Wednesday, 18 March 2009

Version 2 Surfaces

Today I was asked to comment on Microsoft's surface computing technology by one on the UK's TV news programmes ... in the event one of my colleagues did the interview since I was already busy.  So I thought I would use my blog today to make comment.   It seems slightly co-incidental though that the media is picking up on the Microsoft multi-touch initiative on the day when the media would also or otherwise be concentrating on reporting the latest news from Apple about their iPhone multi-touch system software.  No vying for coverage I suppose?  

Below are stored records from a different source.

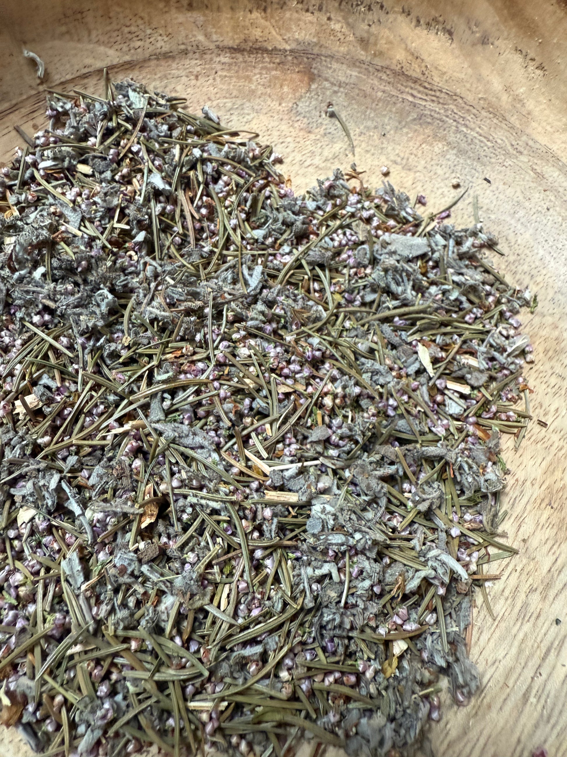 Unsere handgemachte Räuchermischung zur energetischen Reinigung vereint die kraftvollen Kräuter Salbei, Johanniskraut, Erikablüte und Fichtennadeln – traditionell eingesetzt für Reinigung, Schutz und neue Klarheit im Raum.
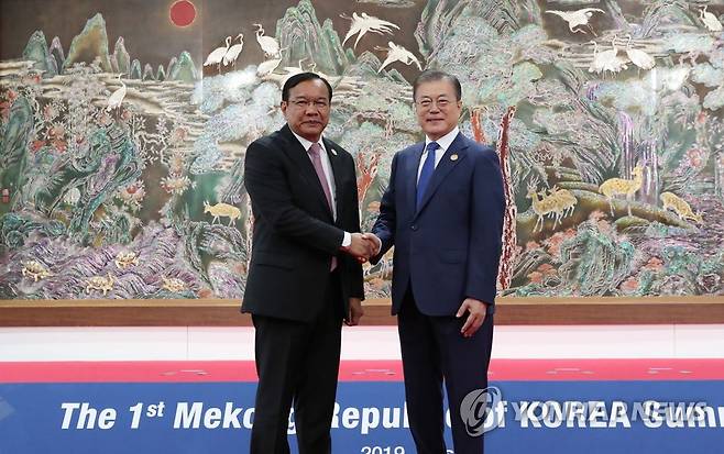 (부산=연합뉴스) 이진욱 기자 = 문재인 대통령이 27일 오전 부산 누리마루에서 제1차 한·메콩 정상회의에 참석하는 프락 속혼 캄보디아 부총리 겸 외교부 장관을 영접하고 있다. 2019.11.27
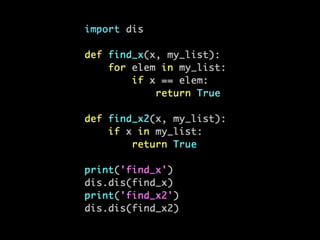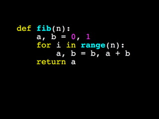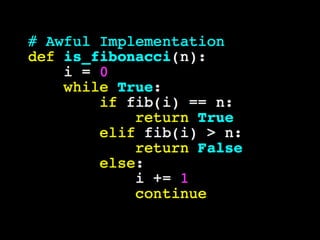 The document discusses optimizing Python code performance through profiling. It introduces various profiling tools like cProfile and line_profiler. As an example, it profiles a "fibonachicken" function that uses Fibonacci numbers to calculate the number of chickens needed to serve a given number of people. Profiling reveals the fib() and is_fibonacci() functions as bottlenecks. The document suggests improving fib() with Binet's formula and is_fibonacci() with Gessel's formula to avoid using fib() and gain better performance.
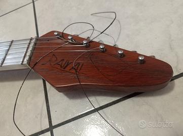 È una chitarra costruita interamente a mano, quindi è un modello unico. Ha il corpo in legno massiccio e il manico in alluminio, molto robusto. Ho scritto per principianti in quanto il manico ha la larghezza di quelli della chitarra classica, quindi è più facile trovare le note, ma in realtà la chitarra classica la suonano anche i professionisti. Perciò se qualcuno vuole suonare quattro canzoni in compagnia senza spendere grosse cifre in più ha anche un oggetto unico. Vendo dopo visione e prova
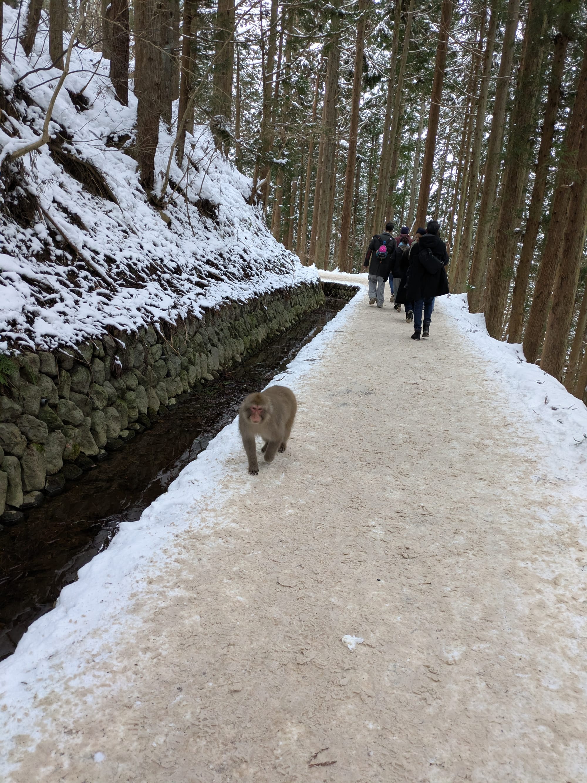 I took a shinkansen from Tokyo to Nagano and then a private train line to Yadunaka. This was properly in the mountains and here is the first time I saw snow in Japan. From Yadunaka I took a short 10 minute bus ride. From the bus stop I still had to walk about 1.5 kilometers to the actual park entrance. This was actually a beautiful walk through a mountain forest covered in snow.

The difference between the two is quite stark ... of course they are both multi-touch interfaces to computing devices for humans, but beyond that the resemblance fades.  Apple's multi-touch on iPhone and iPod Touch is a successful implementation of a radical user interface on products out in the marketplace, rather than a prototype research lab project.  It is limited to relatively small size screens at least economically although as we saw when the iPhone was launched, unit wholesale prices for otherwise expensive components can come down very fast once the whole market rushes to follow a lead.  The word on Surface version two is that it uses additional projectors to allow layering of items displayed on the table top.  Surface 2 also uses additional infra red sensors to recognise gestures the user makes without touching the display's surface.  Gesture controlled computing will be increasingly important in the future - a number of approaches to achieving it that I have seen first hand in various laboratories suggests that there will indeed be different optimal implementations addressing the cost/quality balance. 

I hope the various companies working on these technologies will concentrate on the user as a priority rather than competing for air time minutes.